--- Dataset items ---
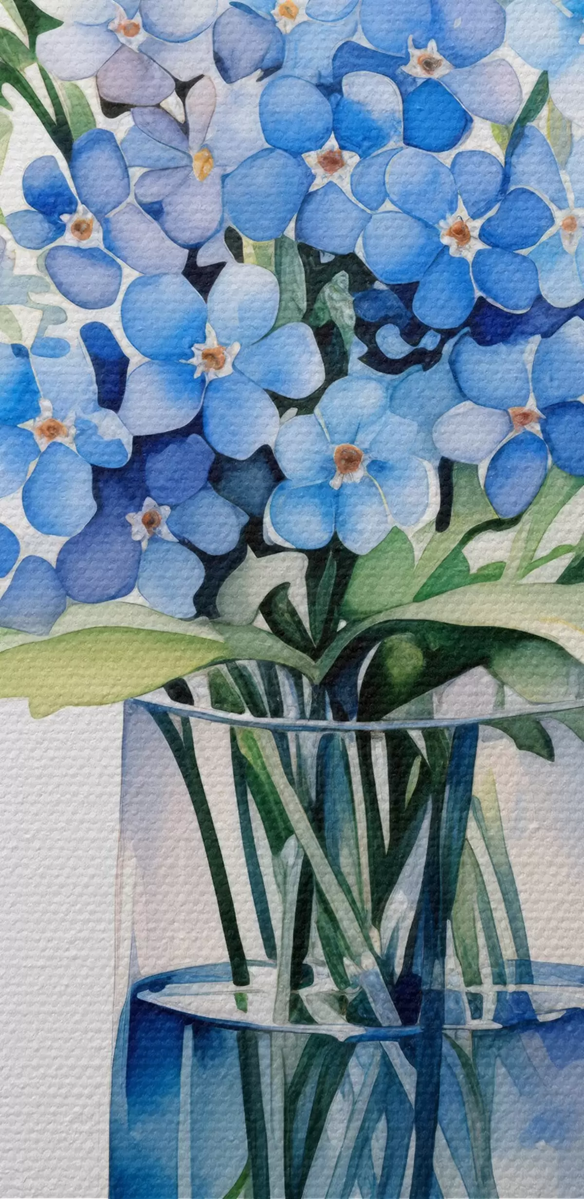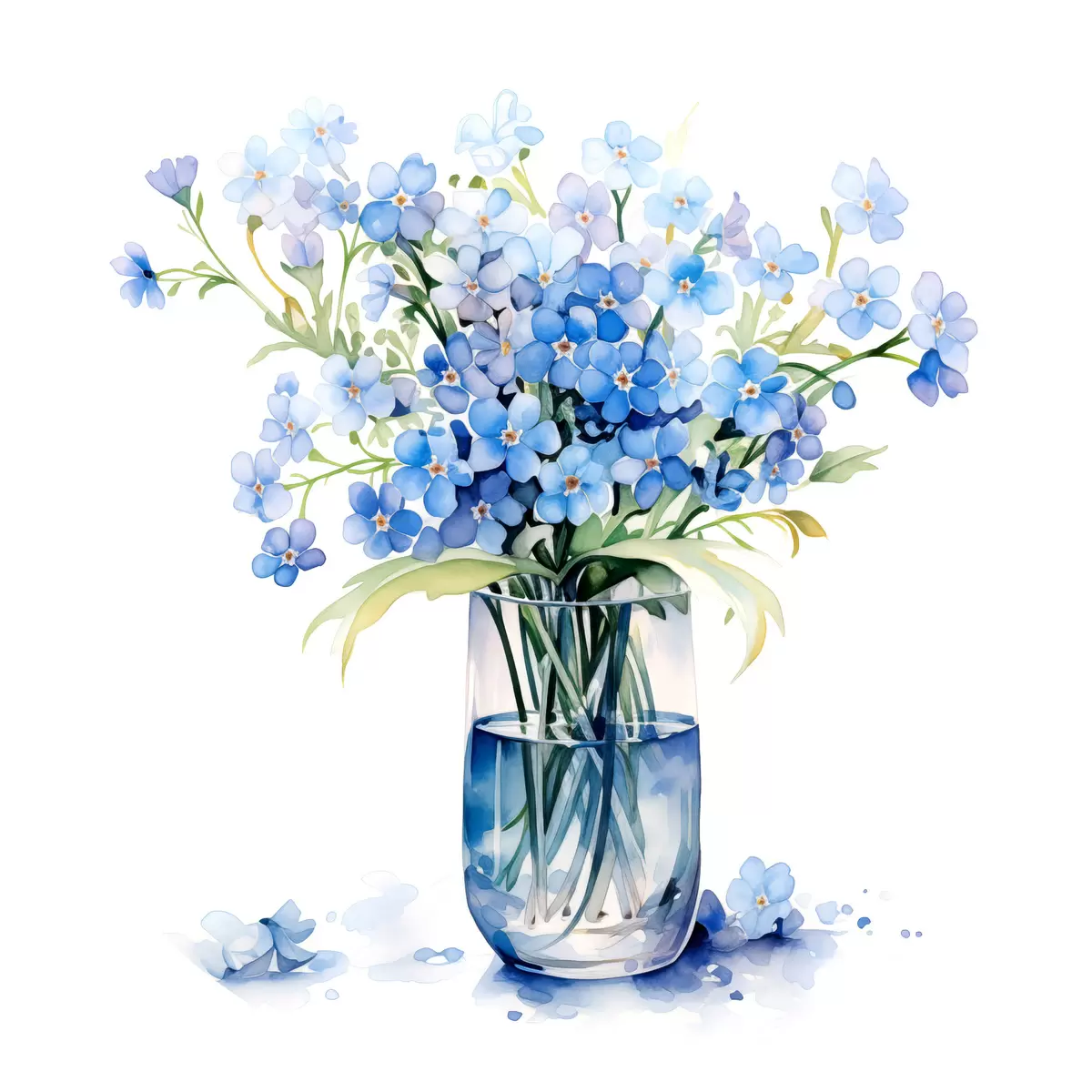 Foto Ramo de flores silvestres azules en un jarrón transparente acuarela Nr r39564
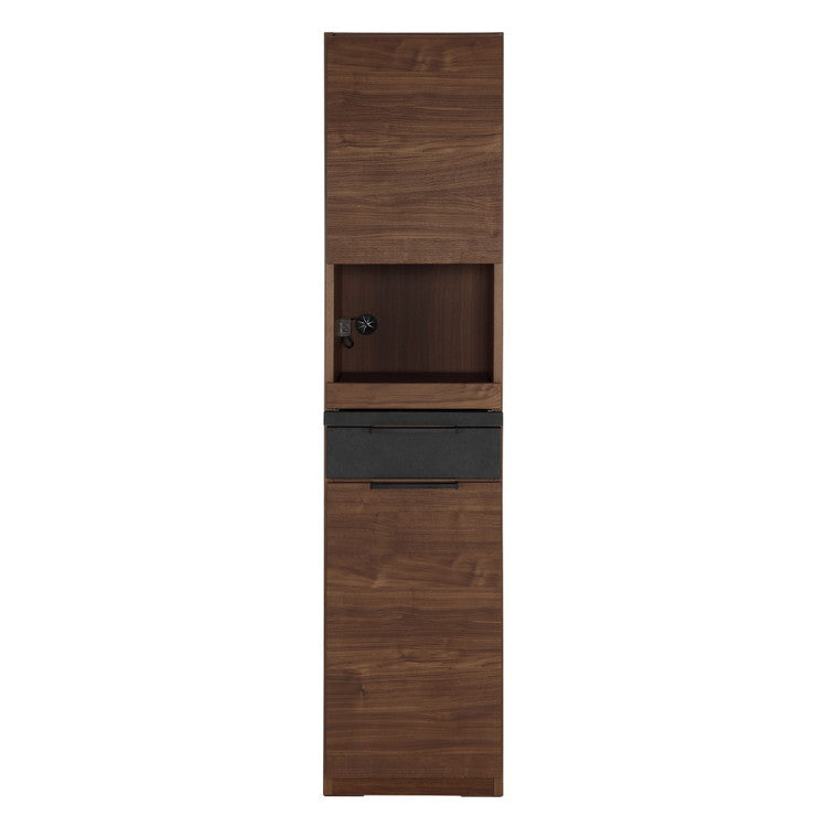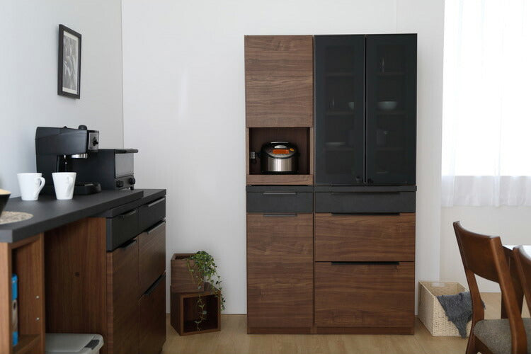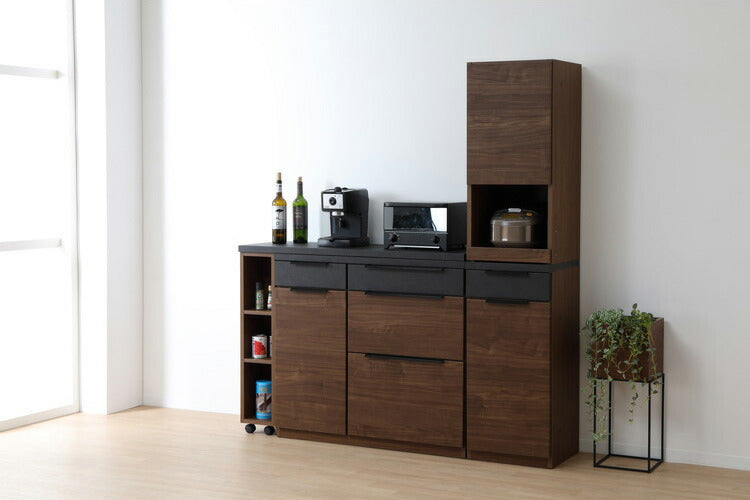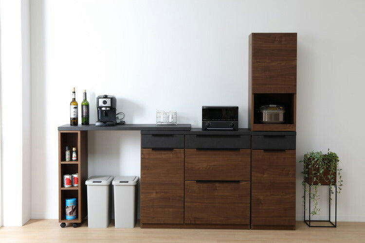 食器棚 キッチンボード 幅40 ストッカー付き 完成品 コンクリート調 スライドレール 1口コンセント付き 木目 木製 レンジ台 カップボード サイドボード おしゃれ(代引不可)
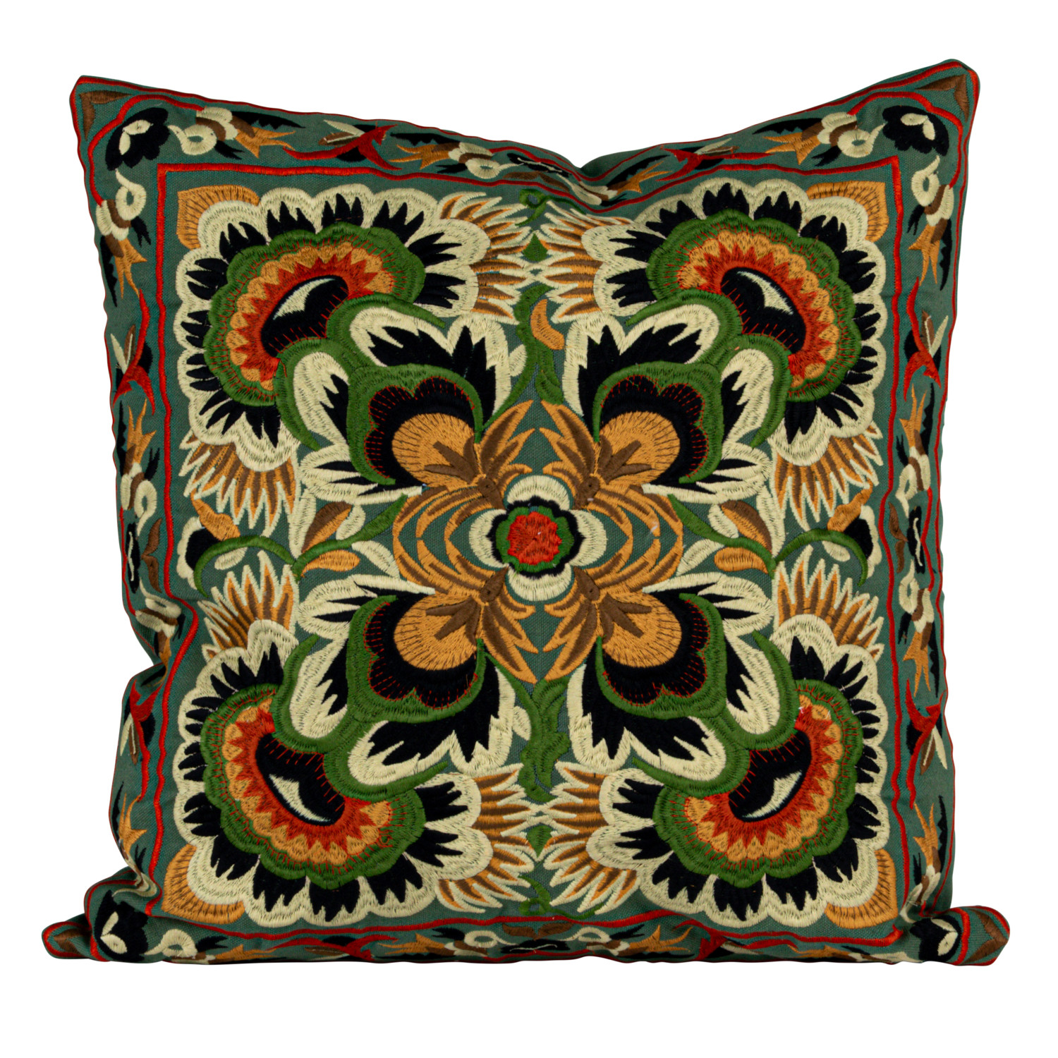 Catalog Name: 18" Square Cotton Embroidered Pillow w/ Pattern, Multi Color
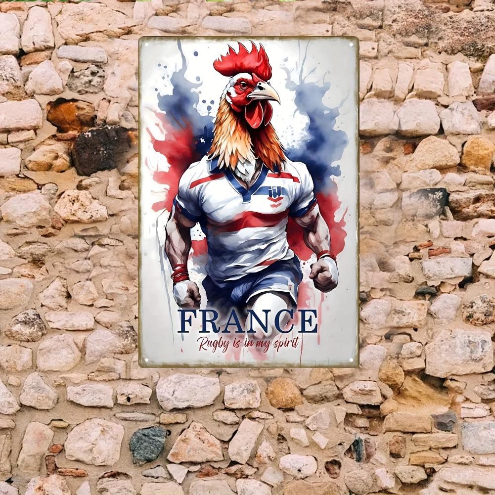 2D Flat, 1pc Vintage French Rugby Metal Wall Art Sign - 8x12 Inch Iron Rooster In France Jersey with Graffiti Background
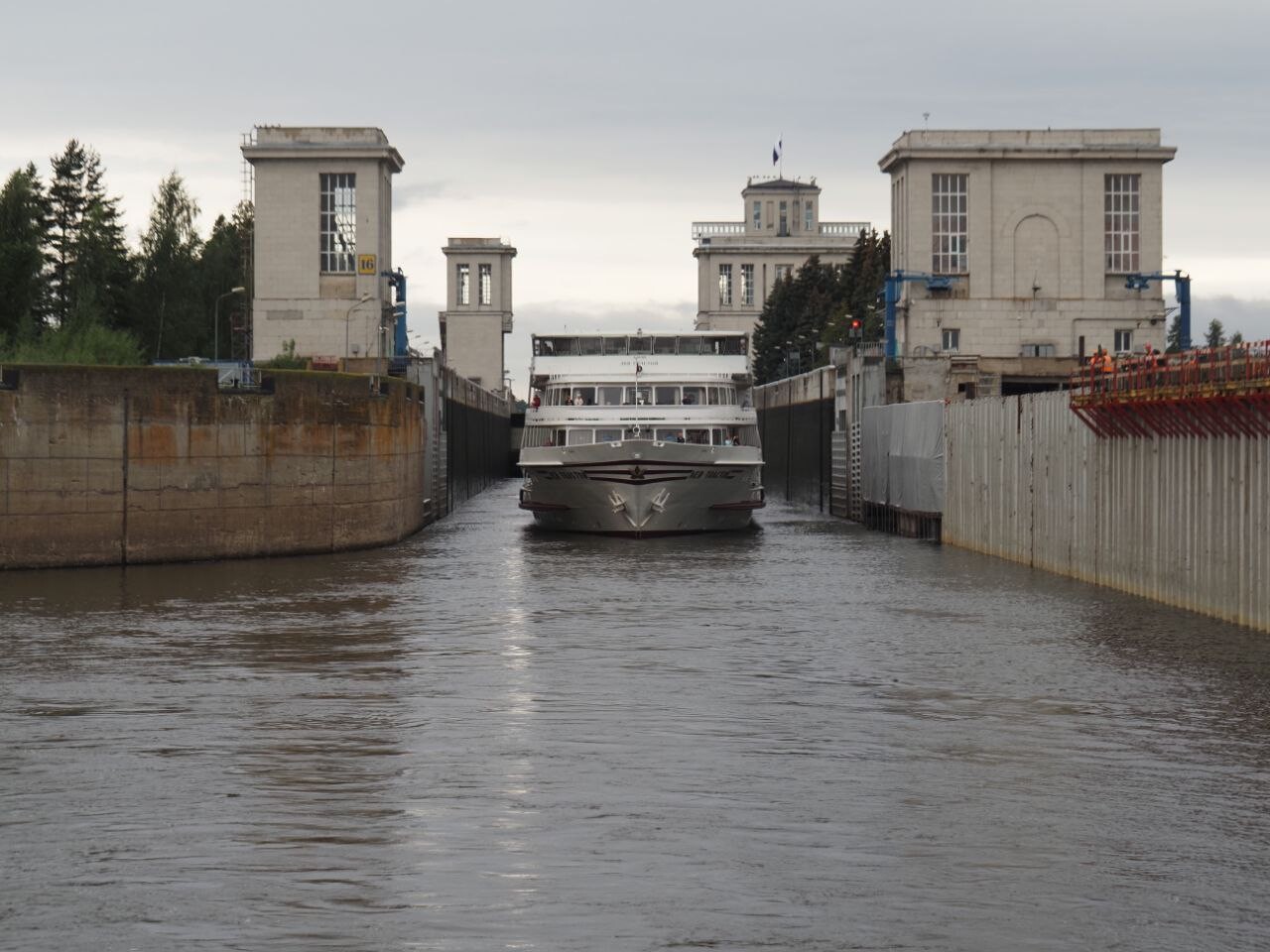 В Городце шлюзовались вместе с теплоходом «Лев Толстой».В какой-то момент полил сильный дождик, который, однако, быстро кончился.
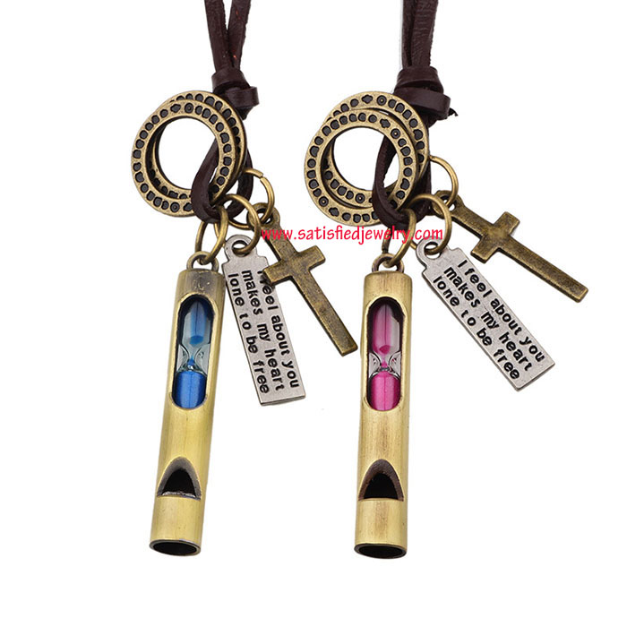 Material: Leather + alloy parts + hour glass Color: pink sand / blue sand Size: Leather rope perimeter is 72cm Weight: 20g MOQ: 120pcs/color Delivery time: one week

--- ACTION ITEM ---
The stretch to restate runs from the line above containing "Pattern, Multi Color" through the line containing "В Городце шлюзовались". Copy it word for word, ends included, without pictures.

--- RESPONSE BOX ---
 Catalog Name: 18" Square Cotton Embroidered Pillow w/ Pattern, Multi Color
 2D Flat, 1pc Vintage French Rugby Metal Wall Art Sign - 8x12 Inch Iron Rooster In France Jersey with Graffiti Background
 В Городце шлюзовались вместе с теплоходом «Лев Толстой».В какой-то момент полил сильный дождик, который, однако, быстро кончился.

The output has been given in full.